GoogleChrome · sjledoux · May 2, 2024 · May 7, 2024 · May 7, 2024 · cfredric
diff --git a/.github/workflows/rws-submissions-checks.yml b/.github/workflows/rws-submissions-checks.yml
@@ -46,20 +46,25 @@ jobs:
           CONTENTS: ${{ steps.read_results.outputs.contents }}
         run: echo "$CONTENTS"
       - name: Create Comment
-        if: steps.read_results.outputs.contents != 'success'
+        if: steps.read_results.outputs.contents != 'success' && ${{ !startsWith(steps.read_results.outputs.contents, 'Warning')}}
         run: |
          echo "It appears you have failed some tests.
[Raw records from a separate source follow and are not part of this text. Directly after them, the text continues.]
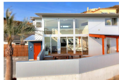
イーストコテージ

〒295-0103 千葉県南房総市白浜町滝口5792-2 TEL 0470-38-2320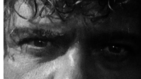
Eye of the Tiger (Mattis) 72 x 52 cm 2024 2+1 ap 22.000 kr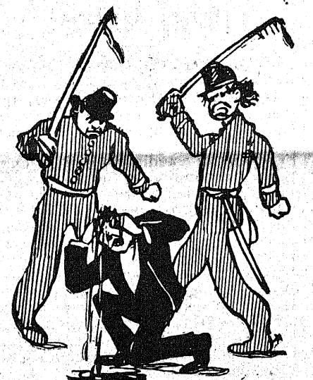
LOS SICARIOS EN ACCION

de estar terminantemente prohibidos los castigos corporales. Los encargados de hacer cumplir las leyes, son los primeros en violarlas, y los superiores callan y consenten los desmanes de sus subalternos. Es hora ya de que cesen esas infamias, esas vergüenzas impropias de un país que se dice marcha por el camino de la civilización.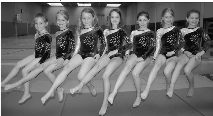
Mit den Disziplinen Sprung, Balken, Boden, Trampolin und einem 50 m Lauf wollten die Mädchen Punkten.

Sichtlich nervös ging die kleine Gruppe an den Start. Alles war neu und unsere Halle war voller Turnkinder .Logisch gab es da viel zu sehen und zu bestaunen. Sammeln und ruhig bleiben hieß nun die Devise. Nach dem Warm-Up und Einturnen startete pünktlich um neun der Wettkampf.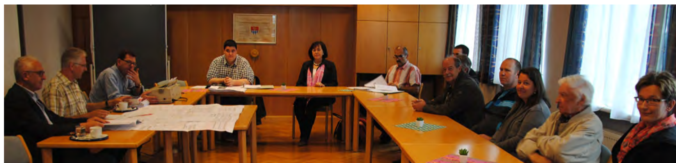
Foto: Die Bauverhandlung am Gemeindeamt als offizieller Startschuss zu den Bauarbeiten

Unmittelbar nach dem Schulschluss starteten bereits die Abbrucharbeiten für den ersten Bauabschnitt. Es erfolgt ein zweigeschossiger Neubau mit Flachdach, der durch die U-förmige Anordnung einen Pausenhof schafft. Weiters ist die Adaptierung der Kellerräumlichkeiten zu einem modernen Fitness- und Bewegungszentrum geplant. Dieser Bereich wird zukünftig für die gesamte Kematner Bevölkerung zugänglich und nutzbar sein! Die Fertigstellung soll bis 2019 erfolgen. Die Gesamtkosten betragen rund € 4,5 Mio. Euro.

Here are your results:" > message.txt
          cat results.txt >> message.txt
-      - name: Comment if sucess
+      - name: Comment if success
         if: steps.read_results.outputs.contents == 'success'
         run: echo "Looks like you've passed all of the checks!" >> message.txt
+      - name: Comment if warning
+        if: startsWith(steps.read_results.outputs.contents, 'Warning')
+        run: |
+          echo "You have passed all of the checks, but there are one or more warnings associated with your submission." > message.txt
+          cat results.txt >> message.txt
       - name: Write Comment on PR
         uses: mshick/add-pr-comment@v2
         with:   
           message-path: "message.txt" 
           refresh-message-position: true
       - name: Fail or Succeed
-        if: steps.read_results.outputs.contents != 'success'
+        if: startsWith(steps.read_results.outputs.contents, 'It appears you have failed')
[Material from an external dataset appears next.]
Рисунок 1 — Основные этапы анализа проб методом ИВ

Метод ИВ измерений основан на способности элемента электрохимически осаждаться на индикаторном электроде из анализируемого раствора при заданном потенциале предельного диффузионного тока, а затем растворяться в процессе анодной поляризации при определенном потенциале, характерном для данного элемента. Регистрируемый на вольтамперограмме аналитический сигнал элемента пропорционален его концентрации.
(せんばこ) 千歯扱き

         uses: actions/github-script@v3
         with:
           script: |

diff --git a/RwsCheck.py b/RwsCheck.py
@@ -20,6 +20,7 @@
 from publicsuffix2 import PublicSuffixList
 
 WELL_KNOWN = "/.well-known/related-website-set.json"
+ASSOCIATED_LIMIT = 5
 
 class RwsCheck:
 
@@ -45,6 +46,7 @@ def __init__(self, rws_sites: json, etlds: PublicSuffixList, icanns: set):
         self.etlds = etlds
         self.icanns = icanns
         self.error_list = []
+        self.warning_texts = []
 
     def validate_schema(self, schema_file):
         """Validates the canonical sites list
@@ -170,6 +172,23 @@ def check_exclusivity(self, check_sets):
                 else:
                     site_list.update(aliases)
 
+    def check_associated_count(self, check_sets):
+        """This method checks for RwsSets that exceed the associated limit
+
+        Creates a warning for each set passed in the check_sets list that has 
+        more associatedSites than the ASSOCIATED_LIMIT
+
+        Args:
+            check_sets: Dict[string, RwsSet]
+        Returns:
+            None
+        """
+        for primary, rws in check_sets.items():
+            if len(rws.associated_sites) > ASSOCIATED_LIMIT:
+                self.warning_texts.append(
+                    f"Warning: the set for {primary} contains more than {ASSOCIATED_LIMIT} associated sites."
+                )
+
     def url_is_https(self, site):
         """A function that checks for https://
 

diff --git a/check_sites.py b/check_sites.py
@@ -130,7 +130,8 @@ def main():
     # Run rest of checks
     check_list = [
         rws_checker.has_all_rationales,
-        rws_checker.find_non_https_urls, 
+        rws_checker.find_non_https_urls,
+        rws_checker.check_associated_count,
         rws_checker.find_invalid_eTLD_Plus1,
         rws_checker.find_invalid_well_known, 
         rws_checker.find_invalid_alias_eSLDs, 
@@ -145,12 +146,14 @@ def main():
         except Exception as inst:
             error_texts.append(inst)
     # This message allows us to check the succes of our action
-    if rws_checker.error_list or error_texts:
+    if rws_checker.error_list or error_texts or rws_checker.warning_texts:
         for checker_error in rws_checker.error_list:
             print(checker_error)
         for error_text in error_texts:
             print(error_text)
-    else:
+        for warning in rws_checker.warning_texts:
+            print(warning)
+    else:   
         print("success", end='')
 
 

diff --git a/tests/rws_tests.py b/tests/rws_tests.py
@@ -276,6 +276,84 @@ def test_expected_rationales_case(self):
         loaded_sets = rws_check.load_sets()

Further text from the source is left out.